Monday, August 20, 2012

A comprehensive approach to analyzing your client's long-term care costs - Part Three

If you haven't read the first two parts of this blog, please do so before reading this final installment.


How do you know if you have properly prepared your client for the contingency of future long-term care costs? 

The best way to answer this is to answer the more general, more important question:  Is your client satisfied with the chances that your retirement goals will be reached (including the all-important goal of not outliving your assets), taking into account his/her range of future costs of long-term care? 

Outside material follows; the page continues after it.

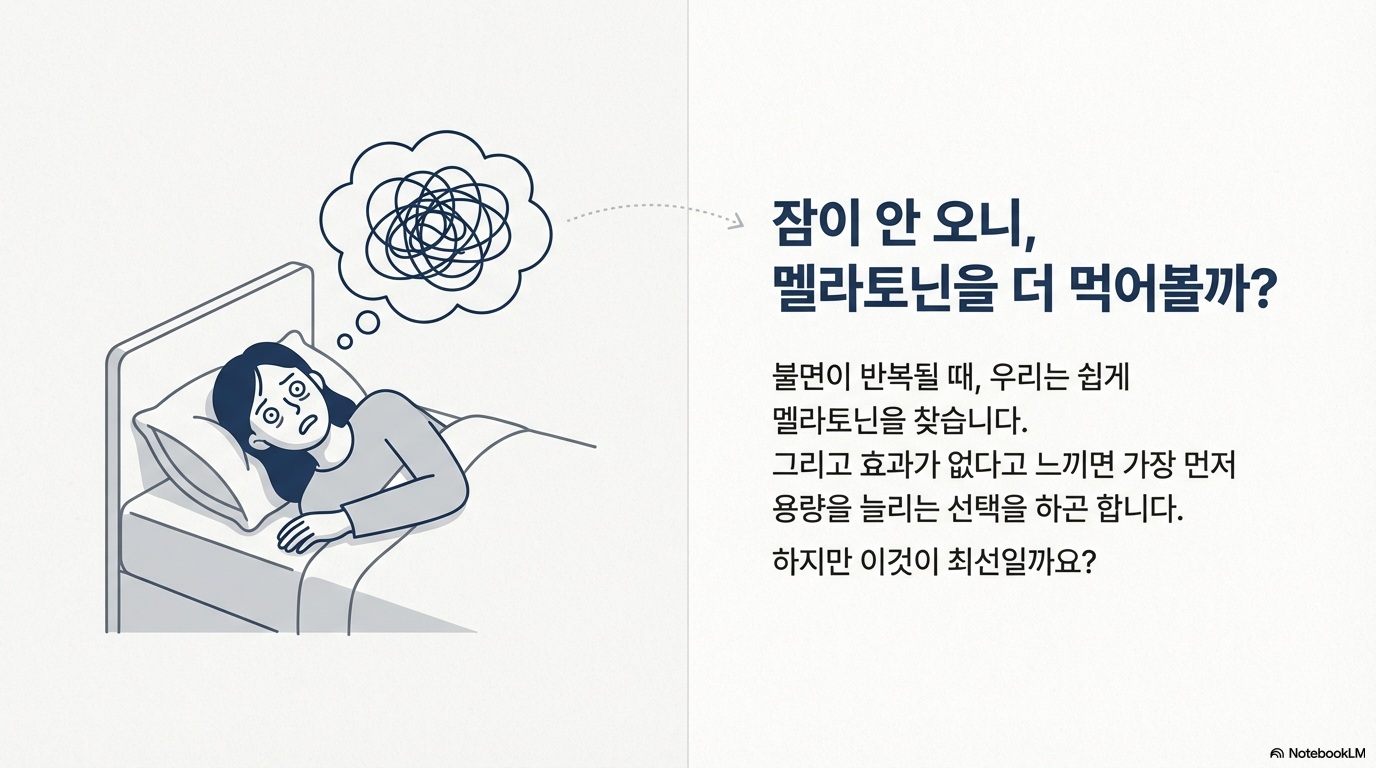 불면이 반복되면 멜라토닌을 찾게 됩니다. 하지만 타이밍과 용량을 잘못 잡으면 효과는 줄고 부작용만 늘어날 수 있습니다.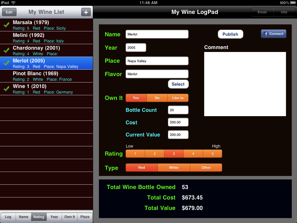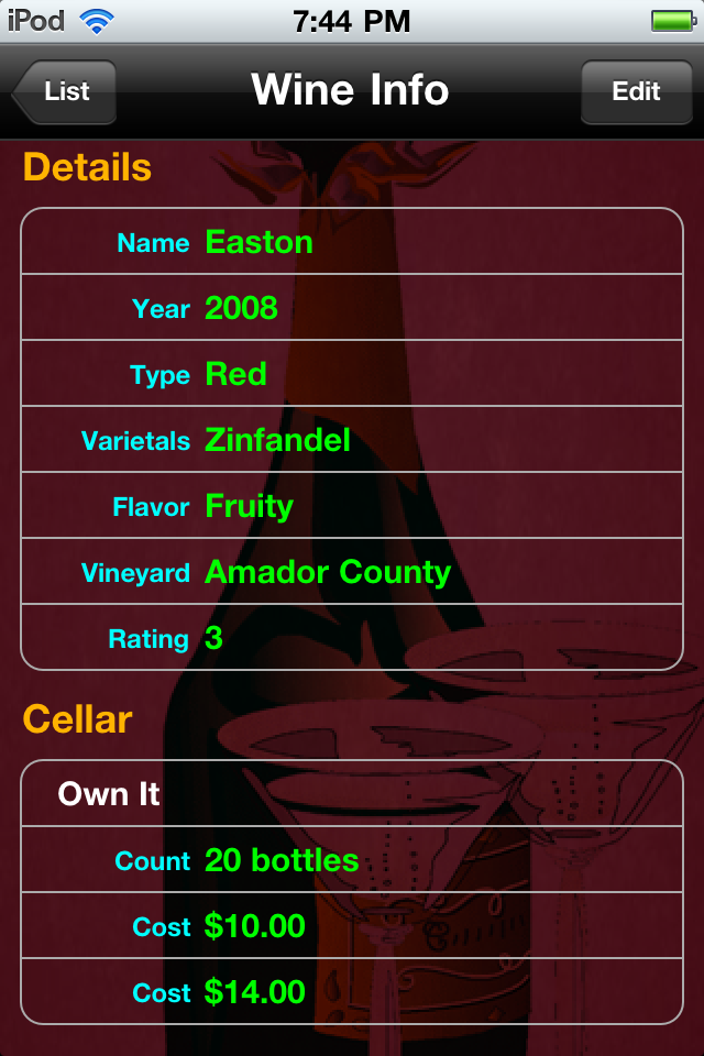 My Wine List (and My Wine LogPad) is an application for all Wine lover. It helps user to keep track of wine they own and/or tasted or even would like to own (your own wine wish list).

To answer this question, it is necessary to combine the desired goals, with the range of costs of long-term care and with the following strategies and balance sheet items:
  1. Spending strategy.  What is your client's planned spending for living expenses, vacations, new cars, etc.?  Include medical costs and prescription drug costs (Jack P Paul Actuary, LLC can assist in planning for these two items).
  2. Investment strategy.  This includes, but isn't limited to the composition of the client's initial investment portfolio, the anticipated reinvestment/disinvestment of cash flows, the mix of qualified vs. non-qualified assets, and rebalancing strategies.
  3. Insurance strategies.  Should there be a purchase of long-term care insurance?  Perhaps an annuity with a long-term care rider?  What about prescription drug plans?  Longevity annuities?  (Again, Jack P Paul Actuary, LLC can assist in determining appropriate insurance strategies).
  4. Long-term care Plan of care strategy.  This was discussed in Part One of this blog.
  5. Tax strategies.  When to take certain income, deductions, capital gains/losses are active decisions that should be incorporated into this analysis.  Other tax strategies are embedded in the investment strategy, such as when to use qualified vs. non-qualified assets and the tax implications of using one mutual fund vs another.
  6. Existing and Future income.  Including earned income and income not included in the investment strategy.  This often includes decisions as to when to start taking Social Security Income.  (Again, Jack P Paul Actuary, LLC can assist in determining the optimum time/age to receive social security income).
  7. Existing and future liabilities.  This includes credit card balances, house and car payments and other items.  Care should be taken to determine the time when balances become due and payable (for example, upon a death).
  8. Estate and legacy strategies.  This includes leaving money in the will as a goal of the client.
These are all incorporated into programs which perform Monte Carlo testing on the investment rates, mortality and morbidity rates (morbidity includes health care, long-term care, and prescription drug rates of use) and which incorporate the above eight items, to calculate the probabilities that the client will meet his/her goals. 

After these probabilities are computed, iterations are performed and the programs rerun, to determine a set of realistic, achievable strategies that arrive at an acceptably high probability of success of the client goals.  Most often, the most important strategy is the spending strategy, in terms of affecting the probabilities and in terms of the client's future lifestyle.  There is often a tradeoff between the amount of money that the client would like to have available to live on, and the chances of meeting his/her goals. 

In summary, future long-term care costs are an important consideration for those nearing or at retirement.  The methodology presented in this three-part series allows these costs to be planned for in a comprehensive, analytical way, customized to the client.